🤖 AI Summary
Existing approaches to scientific knowledge classification often suffer from semantic inconsistency and structural misalignment within hierarchical taxonomies, hindering their ability to effectively organize the rapidly expanding body of scholarly literature. This work proposes a hierarchical classification framework grounded in large language models, which integrates a bidirectional title generation mechanism—combining bottom-up abstraction with top-down constraints—to jointly optimize vertical alignment across levels and horizontal semantic coherence among sibling nodes.
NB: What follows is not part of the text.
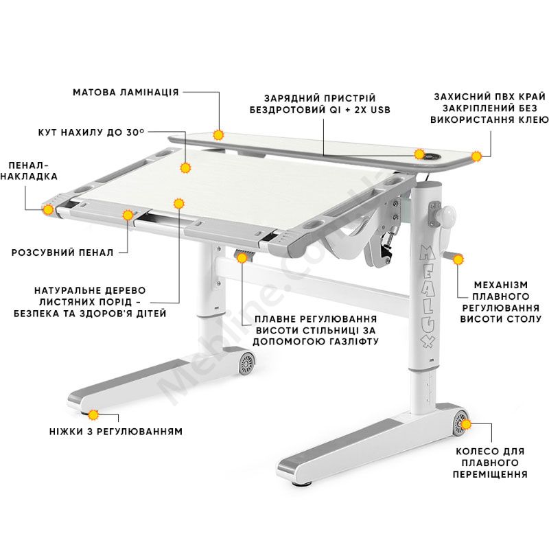 • На стільниці розсувний пенал та бічний пенал-накладка.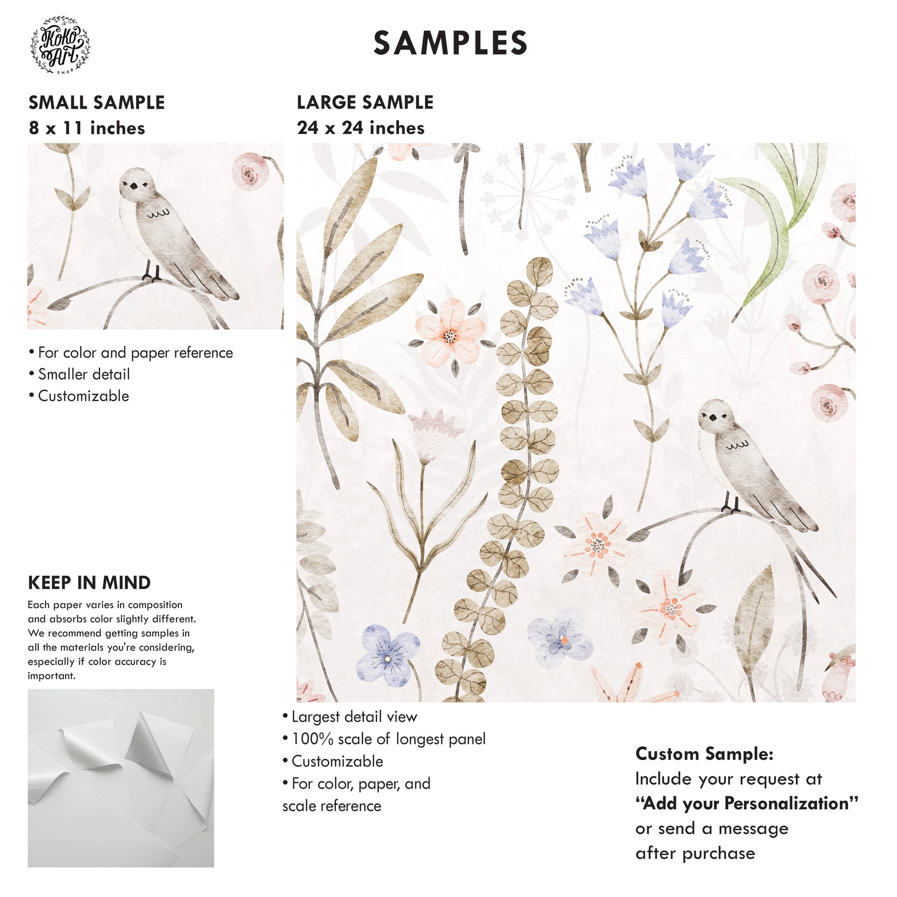 Delicate wildflowers and botanicals painted in a washed, fog-kissed palette of warm neutrals with subtle hints of blush, sage, and soft blue. The result is an unconventional floral that feels airy, organic, and timeless rather than bold or overly themed.

The method explicitly models semantic dependencies among nodes at the same hierarchy level, significantly enhancing the logical structure, semantic fidelity, and title quality of the resulting taxonomy. Extensive experiments demonstrate strong performance across multiple benchmark datasets and reveal robust cross-lingual generalization capabilities, particularly on Chinese scientific literature.
📝 Abstract
Scientific literature is expanding at an unprecedented pace, making it increasingly challenging to efficiently organize and access domain knowledge. A high-quality scientific taxonomy offers a structured and hierarchical representation of a research field, facilitating literature exploration and topic navigation, as well as enabling downstream applications such as trend analysis, idea generation, and information retrieval. However, existing taxonomy generation approaches often suffer from structural inconsistencies and semantic misalignment across hierarchical levels. Through empirical analysis, we find that these issues largely stem from inadequate modeling of hierarchical semantic consistency. To address this limitation, we propose a semantic-consistent taxonomy generation (SC-Taxo) framework that leverages large language models (LLMs) with hierarchy-aware refinement stages to ensure semantic consistency. Specifically, SC-Taxo introduces a bidirectional heading generation mechanism that jointly performs bottom-up abstraction and top-down semantic constraint, while further capturing peer-level semantic dependencies to enhance horizontal consistency. Experiments on multiple benchmark datasets demonstrate consistent improvements in hierarchy alignment and heading quality, and additional evaluation on Chinese scientific literature validates its robust cross-lingual generalization.